Lab 4: Dictionaries and Try/Except

Dictionaries

4.0 Creating Dictionaries

Dictionaries in python consist of two lists. The first is a list of keys. The second, a list of values. The lists are linked so that I can ask the dictionary for the value associated with a given key. This "key-value pair" makes up an entry in the dictionary. Much like in a physical dictionary, a python dictionary is optimized to make the keys easy to find, and to make each value trivial to find once you have the right key.

To create a dictionary, we use curly braces {}. (This is in contrast to lists, which use square brackets []. There is another type called a "tuple" which uses parentheses (), but we will focus on lists and dictionaries in this class.) Inside the braces, we need to define our key-value pairs.

{ 'furColor' : 'blue' ,
'favoriteFood' : 'cookies' ,
'name' : 'Cookie Monster' ,
'home' : 'Sesame Street' }

I don't need to place the key-value pairs in any particular order. Python dictionaries are inherently unsorted, ignoring the order in which I enter elements. A colon separates each key (left) from its corresponding value (right), and a comma separates the pair from the next pair. Note that I have added line-breaks for readability. These linebreaks are optional, and python ignores the indentation of any lines after the first. If I print out an existing dictionary, this (minus the line breaks) is the format that I will see.

{ 2:5 , 2:7 }

If I assign the same key in a dictionary multiple values, then that key will have a corresponding value equal to the last value I assigned to it.
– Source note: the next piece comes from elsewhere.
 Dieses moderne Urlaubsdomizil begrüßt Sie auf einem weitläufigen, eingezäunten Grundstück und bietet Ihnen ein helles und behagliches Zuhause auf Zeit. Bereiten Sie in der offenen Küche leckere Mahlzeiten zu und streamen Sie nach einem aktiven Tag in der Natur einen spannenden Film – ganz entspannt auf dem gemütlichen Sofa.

4.1 Getting and Setting Values in Dictionaries

For this section, we will use the following dictionary of Harry Potter characters which maps their first names to their last names:

hp_chars = {
'Harry':'Potter' ,
'Hermione':'Granger' ,
'Fred':'Weasley' ,
'George':'Weasley' ,
'Ginny':'Weasley' ,
'Albus':'Dumbledore' }

To get an existing value, given its key, we call DICT[KEY]. So for example we might write hp_chars['Hermione'], which evaluates to 'Granger'. If we try to get the value associated with a key that hasn't been assigned yet, then we get a Keyerror. For example, we might write hp_chars['Padma'], which gives such an error.

To add a new key-value pair to the dictionary, we call DICT[KEY] = VALUE. So we can write hp_chars['Padma'] = 'Patil'. If we then attempted to read out the value at key 'Padma' again, we would no longer get a Keyerror and would instead get the newly added value.
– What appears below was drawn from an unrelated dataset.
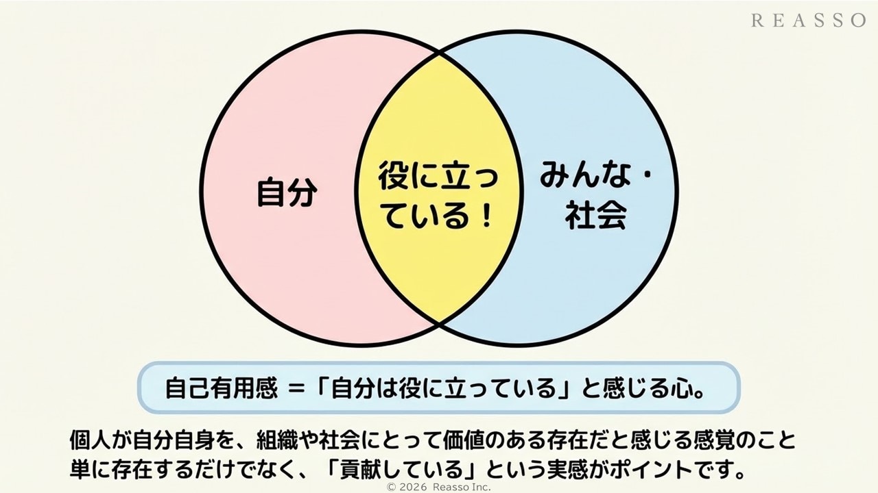 自己有用感とは、個人が自分自身を組織や社会にとって価値のある存在だと感じる感覚のことを指します。これは、自分が果たしている役割やその成果に対して肯定的な自己評価を持つことを意味します。自己有用感は、職場や社会における自己の貢献を実感するための重要な心理的要素であり、従業員のモチベーションやパフォーマンスに直接影響を与えます。

To remove a key-value pair from the dictionary, we use the del statement: del DICT[KEY]. If I had mistakenly added 'Mrs':'Norris' to the hp_chars dictionary, I could use the following statement to remove the entry:

del hp_chars['Mrs']

Notice that the del statement takes the dictionary indexed at the key of the key-value pair to be removed. It also changes the dictionary that you call it on, rather than returning a modified version of the dictionary. Just as with lists, if we want to avoid making changes to the current copy, we can create a new copy with:

new_dict = dict(old_dict)

Tasks:

  • If you do not yet have your own copy of hp_chars, create one now. Add several characters to the dictionary. (If you are not familiar with Harry Potter, either make a dictionary of characters from a source you are familiar with, add random character names, or consult the person sitting next to you for ideas.) Remove at least one character of your choice from the dictionary.
  • Write a short function that, given the name of a dictionary and two additional inputs old and new, alters the dictionary so that the key-value pair with key old now has key new instead. It is ok if your function throws an error when given an old that is not a key of the dictionary.

4.2 ML Reader Version 2

Recall your ML Reader Version 1 from last week. I asked you to write a program that can read in data from files structured like titanic_fatalities.data. To help you test your program, I have created a second file in the same format: dice_game.data. In version 1, you were to store the data in lists. Now, store the data using dictionaries. You have some design choices to make here, so think about how you might want to use the data. Below, I've supplied one possible way you could use your data in the future:

def filterPassengersOnly():
  passengerData = {}
  for example in data:
    if data[example]['type'] == 'passenger':
      passengerData[example] = dict(data[example])
  return passengerData

When you finish writing and testing your reader, please show it to me.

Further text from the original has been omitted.